#### EXERCISE DESCRIPTION:
Skip the pictures and copy all the data that follows exactly.

#### DATA SHOWN:
══════════
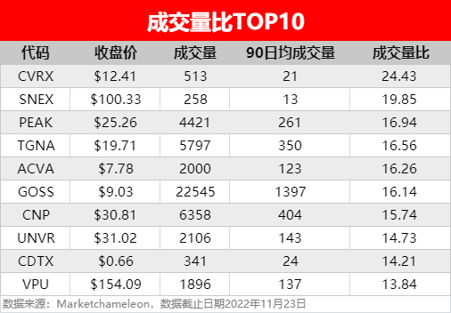 - 广播电视公司特格纳公司 $TGNA 相对期权量比达16.56,此前《巴伦周刊》分析师撰文称,近期小盘股已经走出了过去7个月的低迷状态,特格纳公司等小盘股在本月更早些时候获富国银行分析师定为“买入”评级,分析师认为其债务可控,股本回报率高于平均水平,未来利润率可期。
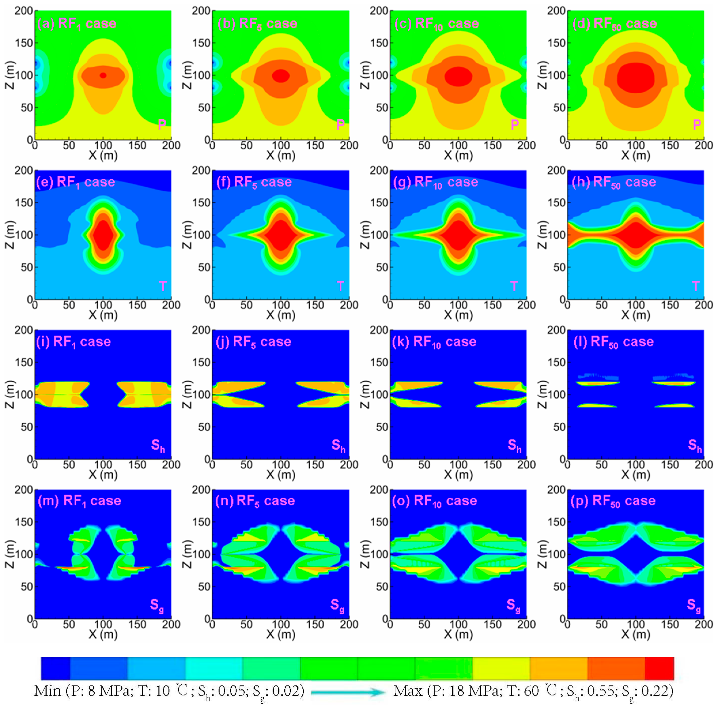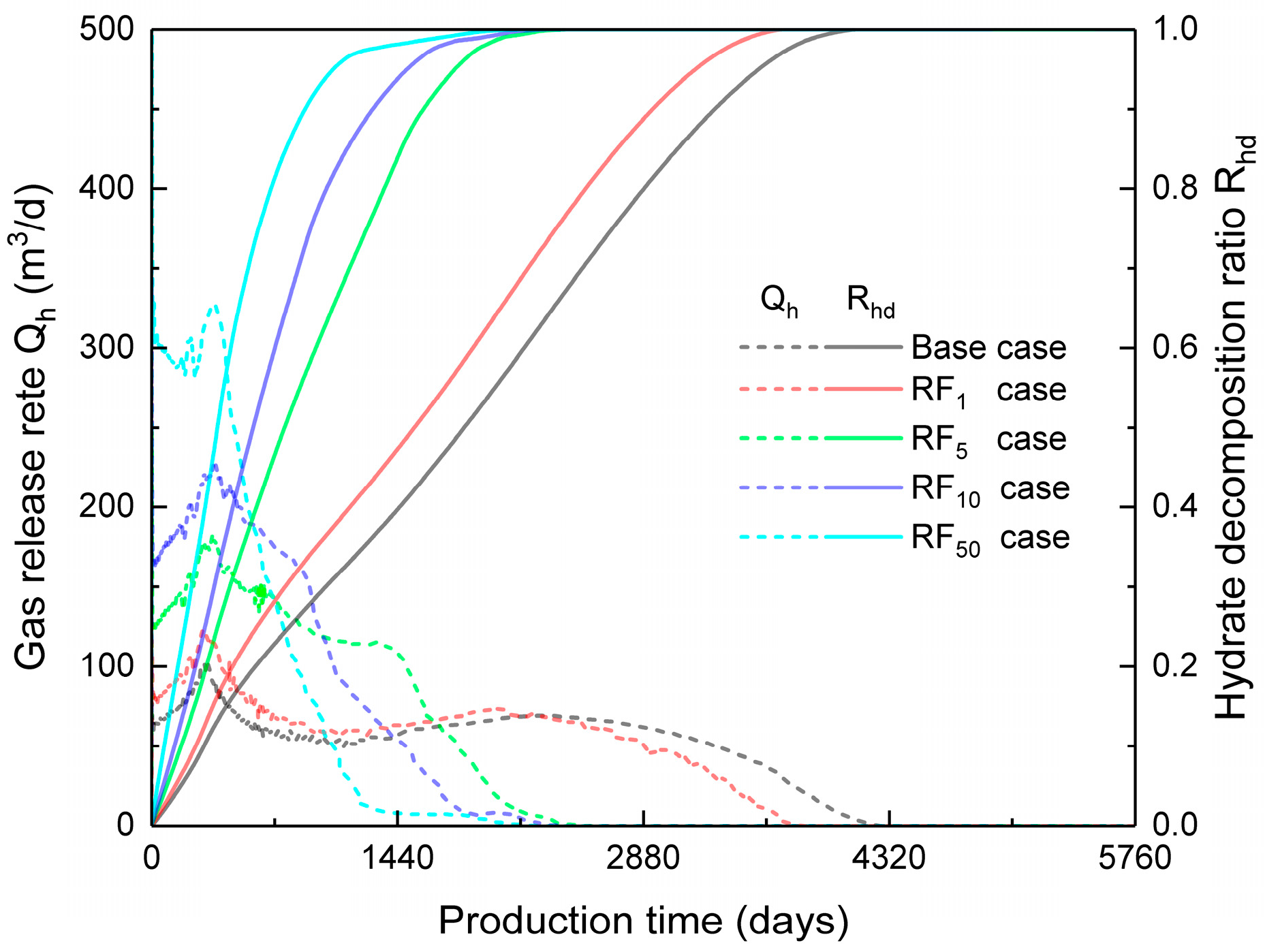 - RF is very effective in facilitating hydrate decomposition and gas recovery, and the extraction efficiency improves greatly with increasing Cf. However, the final ER is lower than 1.0 due to the severe water flooding induced by the fracture, making it unfeasible for economic extraction. Additionally, RF exacerbates the risk of gas leakage, which poses a great challenge for the safe exploitation of marine hydrates.
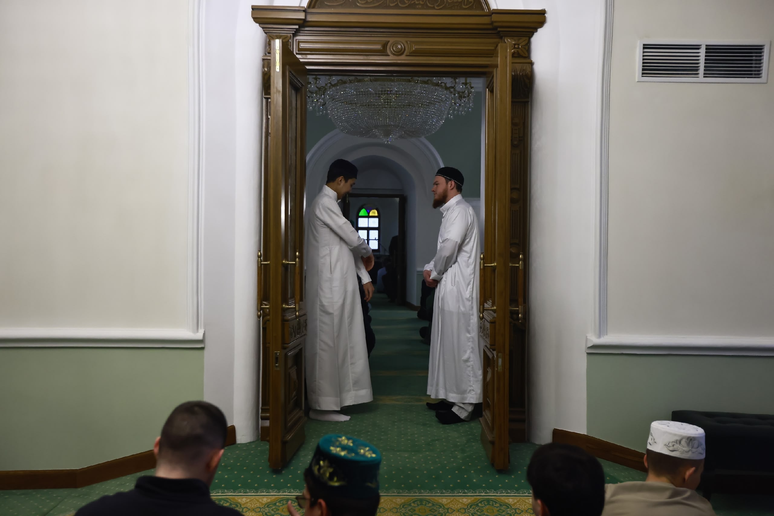 Равно в 6:30 чтец начинает напевать аяты, а мы рассматриваем гостей. Среди них оказались и председатель национального собрания Всемирного конгресса татар «Милли Шура» Василь Шайхразиев, писатель Рабит Батулла, десятки курсантов Казанского танкового училища… Больше никого разглядеть не удалось — девушек попросили уйти во время намаза. Дело в том, что для женщин в исламе предусмотрены отдельные залы, где можно совершать намаз. Например, они есть в Апанаевской мечети.
══════════
#### OUTPUT BELOW:
 - 广播电视公司特格纳公司 $TGNA 相对期权量比达16.56,此前《巴伦周刊》分析师撰文称,近期小盘股已经走出了过去7个月的低迷状态,特格纳公司等小盘股在本月更早些时候获富国银行分析师定为“买入”评级,分析师认为其债务可控,股本回报率高于平均水平,未来利润率可期。
 - RF is very effective in facilitating hydrate decomposition and gas recovery, and the extraction efficiency improves greatly with increasing Cf. However, the final ER is lower than 1.0 due to the severe water flooding induced by the fracture, making it unfeasible for economic extraction. Additionally, RF exacerbates the risk of gas leakage, which poses a great challenge for the safe exploitation of marine hydrates.
 Равно в 6:30 чтец начинает напевать аяты, а мы рассматриваем гостей. Среди них оказались и председатель национального собрания Всемирного конгресса татар «Милли Шура» Василь Шайхразиев, писатель Рабит Батулла, десятки курсантов Казанского танкового училища… Больше никого разглядеть не удалось — девушек попросили уйти во время намаза. Дело в том, что для женщин в исламе предусмотрены отдельные залы, где можно совершать намаз. Например, они есть в Апанаевской мечети.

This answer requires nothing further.